Exercise instructions - Look below for the line containing "1664x2944 Hand-drawn geometric" and the line containing "SIS-238 터틀넥니트롱원피스겨울 데일리"; repeat exactly those two lines and all lines between them, and nothing else.

Supplied entries -

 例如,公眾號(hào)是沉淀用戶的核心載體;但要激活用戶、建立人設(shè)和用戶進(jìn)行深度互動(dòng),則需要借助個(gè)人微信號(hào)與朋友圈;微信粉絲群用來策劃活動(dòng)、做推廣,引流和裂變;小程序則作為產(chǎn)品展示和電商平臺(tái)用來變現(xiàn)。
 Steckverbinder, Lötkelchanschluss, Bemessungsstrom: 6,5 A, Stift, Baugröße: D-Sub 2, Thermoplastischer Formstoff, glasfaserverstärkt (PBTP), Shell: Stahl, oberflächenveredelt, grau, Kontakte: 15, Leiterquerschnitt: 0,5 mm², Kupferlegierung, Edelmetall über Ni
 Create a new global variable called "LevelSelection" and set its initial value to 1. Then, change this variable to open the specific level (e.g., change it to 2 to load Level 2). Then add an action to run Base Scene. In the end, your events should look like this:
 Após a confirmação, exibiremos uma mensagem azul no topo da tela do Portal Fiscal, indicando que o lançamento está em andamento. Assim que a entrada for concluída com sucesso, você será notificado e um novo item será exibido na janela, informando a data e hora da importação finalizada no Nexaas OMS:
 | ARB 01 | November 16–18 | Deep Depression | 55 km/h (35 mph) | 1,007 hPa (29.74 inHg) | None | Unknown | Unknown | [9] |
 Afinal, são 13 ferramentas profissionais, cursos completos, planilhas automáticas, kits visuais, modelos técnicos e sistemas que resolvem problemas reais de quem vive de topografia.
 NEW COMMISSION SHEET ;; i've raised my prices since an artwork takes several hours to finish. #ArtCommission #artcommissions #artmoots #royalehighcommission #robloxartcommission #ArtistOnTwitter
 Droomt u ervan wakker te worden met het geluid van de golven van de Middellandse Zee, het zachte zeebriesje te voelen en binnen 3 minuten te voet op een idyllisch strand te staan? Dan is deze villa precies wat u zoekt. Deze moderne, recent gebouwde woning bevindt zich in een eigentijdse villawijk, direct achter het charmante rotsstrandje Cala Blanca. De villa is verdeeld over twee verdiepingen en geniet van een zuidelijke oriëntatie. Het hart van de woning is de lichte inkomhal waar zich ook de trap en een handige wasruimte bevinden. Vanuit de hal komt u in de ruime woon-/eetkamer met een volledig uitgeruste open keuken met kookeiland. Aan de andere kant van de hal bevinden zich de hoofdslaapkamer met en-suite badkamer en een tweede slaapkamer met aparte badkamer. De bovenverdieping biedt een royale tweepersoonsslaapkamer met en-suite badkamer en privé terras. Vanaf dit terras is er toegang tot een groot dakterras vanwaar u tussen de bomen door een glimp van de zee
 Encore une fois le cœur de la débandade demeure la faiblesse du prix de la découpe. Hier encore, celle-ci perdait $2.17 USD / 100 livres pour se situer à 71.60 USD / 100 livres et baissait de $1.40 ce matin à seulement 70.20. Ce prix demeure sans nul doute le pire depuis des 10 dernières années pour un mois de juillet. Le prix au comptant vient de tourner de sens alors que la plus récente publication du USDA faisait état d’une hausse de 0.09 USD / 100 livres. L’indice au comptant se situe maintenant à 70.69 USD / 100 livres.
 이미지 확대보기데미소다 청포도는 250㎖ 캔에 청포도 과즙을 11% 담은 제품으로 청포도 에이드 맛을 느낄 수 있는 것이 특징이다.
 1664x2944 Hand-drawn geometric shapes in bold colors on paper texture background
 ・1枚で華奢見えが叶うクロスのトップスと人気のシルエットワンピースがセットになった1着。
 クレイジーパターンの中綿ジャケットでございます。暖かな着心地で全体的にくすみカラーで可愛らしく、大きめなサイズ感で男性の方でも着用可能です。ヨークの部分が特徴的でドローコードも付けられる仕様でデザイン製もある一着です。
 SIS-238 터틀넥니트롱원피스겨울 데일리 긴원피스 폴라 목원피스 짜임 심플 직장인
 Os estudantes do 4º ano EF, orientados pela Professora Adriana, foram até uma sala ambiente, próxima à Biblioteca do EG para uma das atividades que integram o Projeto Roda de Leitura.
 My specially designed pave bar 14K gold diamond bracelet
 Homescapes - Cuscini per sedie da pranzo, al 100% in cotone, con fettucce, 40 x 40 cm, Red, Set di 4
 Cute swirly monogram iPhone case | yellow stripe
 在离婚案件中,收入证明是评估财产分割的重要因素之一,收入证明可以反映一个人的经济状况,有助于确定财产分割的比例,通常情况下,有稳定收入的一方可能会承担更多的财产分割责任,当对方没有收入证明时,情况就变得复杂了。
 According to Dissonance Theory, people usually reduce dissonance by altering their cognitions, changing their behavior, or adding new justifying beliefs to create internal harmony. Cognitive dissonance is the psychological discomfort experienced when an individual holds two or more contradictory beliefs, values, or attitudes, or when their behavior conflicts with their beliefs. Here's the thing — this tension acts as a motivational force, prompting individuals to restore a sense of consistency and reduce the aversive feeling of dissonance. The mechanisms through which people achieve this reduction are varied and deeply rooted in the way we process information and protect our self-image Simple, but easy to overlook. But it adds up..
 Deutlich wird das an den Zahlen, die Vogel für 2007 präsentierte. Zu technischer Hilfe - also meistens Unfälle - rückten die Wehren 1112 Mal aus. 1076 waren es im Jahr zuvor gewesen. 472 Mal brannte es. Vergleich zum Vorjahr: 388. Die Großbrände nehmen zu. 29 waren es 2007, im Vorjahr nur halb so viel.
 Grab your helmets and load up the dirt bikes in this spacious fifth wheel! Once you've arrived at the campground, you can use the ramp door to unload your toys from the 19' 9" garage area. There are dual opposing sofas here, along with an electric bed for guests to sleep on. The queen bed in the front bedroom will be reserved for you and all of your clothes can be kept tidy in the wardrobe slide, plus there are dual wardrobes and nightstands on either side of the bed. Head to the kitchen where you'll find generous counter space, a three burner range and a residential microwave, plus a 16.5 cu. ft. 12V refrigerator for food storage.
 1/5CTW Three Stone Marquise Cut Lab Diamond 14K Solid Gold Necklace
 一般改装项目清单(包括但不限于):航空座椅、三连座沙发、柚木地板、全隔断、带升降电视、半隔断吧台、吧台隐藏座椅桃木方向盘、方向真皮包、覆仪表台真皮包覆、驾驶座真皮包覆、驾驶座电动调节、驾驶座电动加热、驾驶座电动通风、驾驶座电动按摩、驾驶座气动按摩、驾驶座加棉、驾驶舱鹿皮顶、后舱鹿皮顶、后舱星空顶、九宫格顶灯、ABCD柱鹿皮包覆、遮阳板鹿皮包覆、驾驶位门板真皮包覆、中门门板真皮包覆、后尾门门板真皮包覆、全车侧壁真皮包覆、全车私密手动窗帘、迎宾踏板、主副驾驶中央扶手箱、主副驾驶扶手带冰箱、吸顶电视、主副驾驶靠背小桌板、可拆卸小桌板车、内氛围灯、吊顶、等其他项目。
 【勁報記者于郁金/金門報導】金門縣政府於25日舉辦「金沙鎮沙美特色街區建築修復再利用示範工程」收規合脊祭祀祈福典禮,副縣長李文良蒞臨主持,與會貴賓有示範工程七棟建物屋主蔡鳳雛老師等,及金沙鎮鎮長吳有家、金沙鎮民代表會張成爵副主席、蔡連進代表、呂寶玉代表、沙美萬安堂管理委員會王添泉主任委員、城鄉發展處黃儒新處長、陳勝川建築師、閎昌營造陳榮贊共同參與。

Task result -
 1664x2944 Hand-drawn geometric shapes in bold colors on paper texture background
 ・1枚で華奢見えが叶うクロスのトップスと人気のシルエットワンピースがセットになった1着。
 クレイジーパターンの中綿ジャケットでございます。暖かな着心地で全体的にくすみカラーで可愛らしく、大きめなサイズ感で男性の方でも着用可能です。ヨークの部分が特徴的でドローコードも付けられる仕様でデザイン製もある一着です。
 SIS-238 터틀넥니트롱원피스겨울 데일리 긴원피스 폴라 목원피스 짜임 심플 직장인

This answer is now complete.